Stored data:
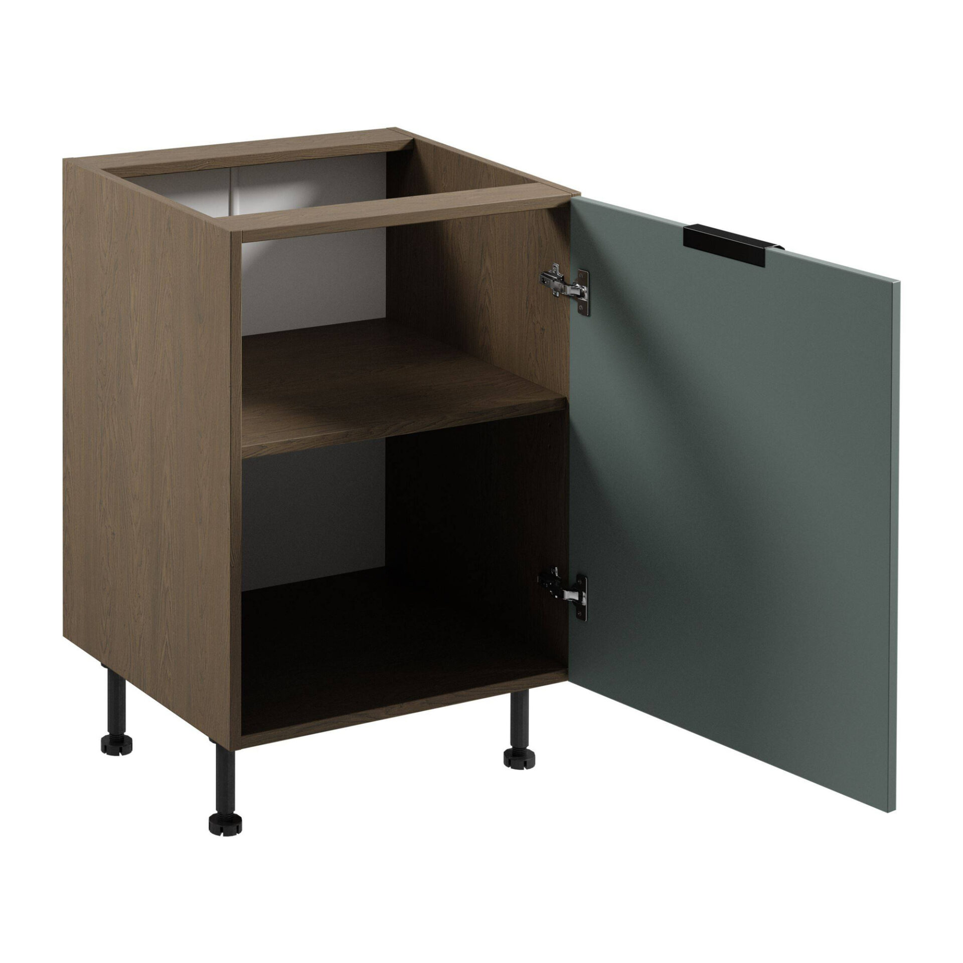 Discover a new level of quality in your kitchen with the Sorento D60 base cabinet in Baltic Storm Green from Gała Meble. This elegant, green design element captivates with its subtlety, creating a unique atmosphere in your space. The matte green front brings a touch of calm and harmony to the interior, perfectly complementing natural materials like wood and stone, making your kitchen a place of true relaxation and inspiration. The Sorento D60 offers not only aesthetics but also comfort. Clip-On hinges with a soft-close function work to your advantage, ensuring smooth, almost silent closing, an invaluable advantage in everyday use. Add to this a convenient black metal handle, and you have a cabinet that combines functionality with modern design. The cabinet body has been designed with attention to detail. The laminated board in Baltic Storm not only catches the eye but is also damage-resistant, ensuring its longevity. Adjustable legs with a height of 15 cm allow you to adjust the height of the cabinet to your individual needs, providing you with greater arrangement flexibility.
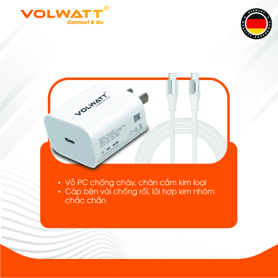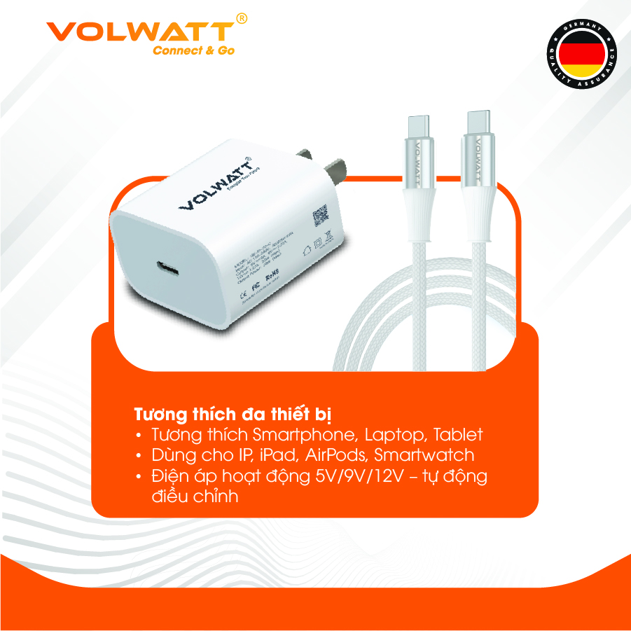 ✨Bộ củ cáp sạc nhanh Volwatt GE-20-SCC 20W hàng chính hãng | Adapter PD Type-C + Cáp Type-C to Type-C 60W, dài 1m – BH 12 tháng
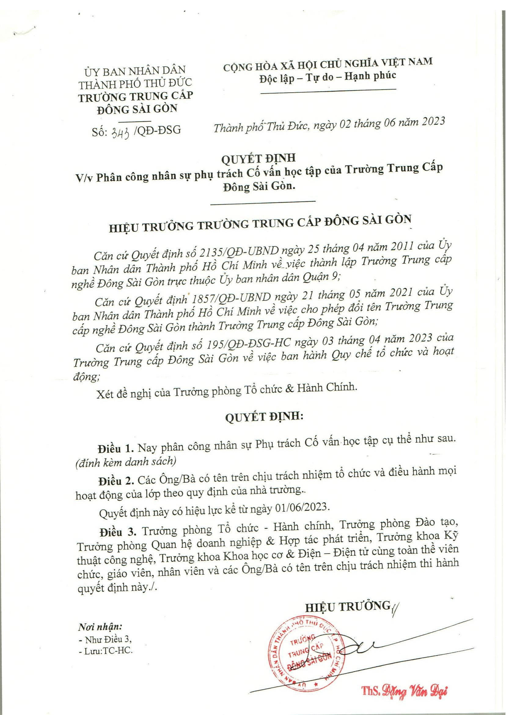 QUYẾT ĐỊNH: Phân công nhân sự phụ trách cố vấn học tập của trường TC Đông Sài Gòn
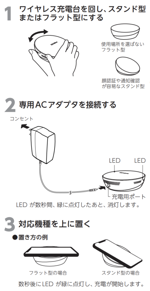 安価なワイヤレス充電器だとこのACアダプターが付いていないので注意が必要です。

Required action: Reproduce the material word for word, minus the images.

Written reply:
 Discover a new level of quality in your kitchen with the Sorento D60 base cabinet in Baltic Storm Green from Gała Meble. This elegant, green design element captivates with its subtlety, creating a unique atmosphere in your space. The matte green front brings a touch of calm and harmony to the interior, perfectly complementing natural materials like wood and stone, making your kitchen a place of true relaxation and inspiration. The Sorento D60 offers not only aesthetics but also comfort. Clip-On hinges with a soft-close function work to your advantage, ensuring smooth, almost silent closing, an invaluable advantage in everyday use. Add to this a convenient black metal handle, and you have a cabinet that combines functionality with modern design. The cabinet body has been designed with attention to detail. The laminated board in Baltic Storm not only catches the eye but is also damage-resistant, ensuring its longevity. Adjustable legs with a height of 15 cm allow you to adjust the height of the cabinet to your individual needs, providing you with greater arrangement flexibility.
 ✨Bộ củ cáp sạc nhanh Volwatt GE-20-SCC 20W hàng chính hãng | Adapter PD Type-C + Cáp Type-C to Type-C 60W, dài 1m – BH 12 tháng
 QUYẾT ĐỊNH: Phân công nhân sự phụ trách cố vấn học tập của trường TC Đông Sài Gòn
 安価なワイヤレス充電器だとこのACアダプターが付いていないので注意が必要です。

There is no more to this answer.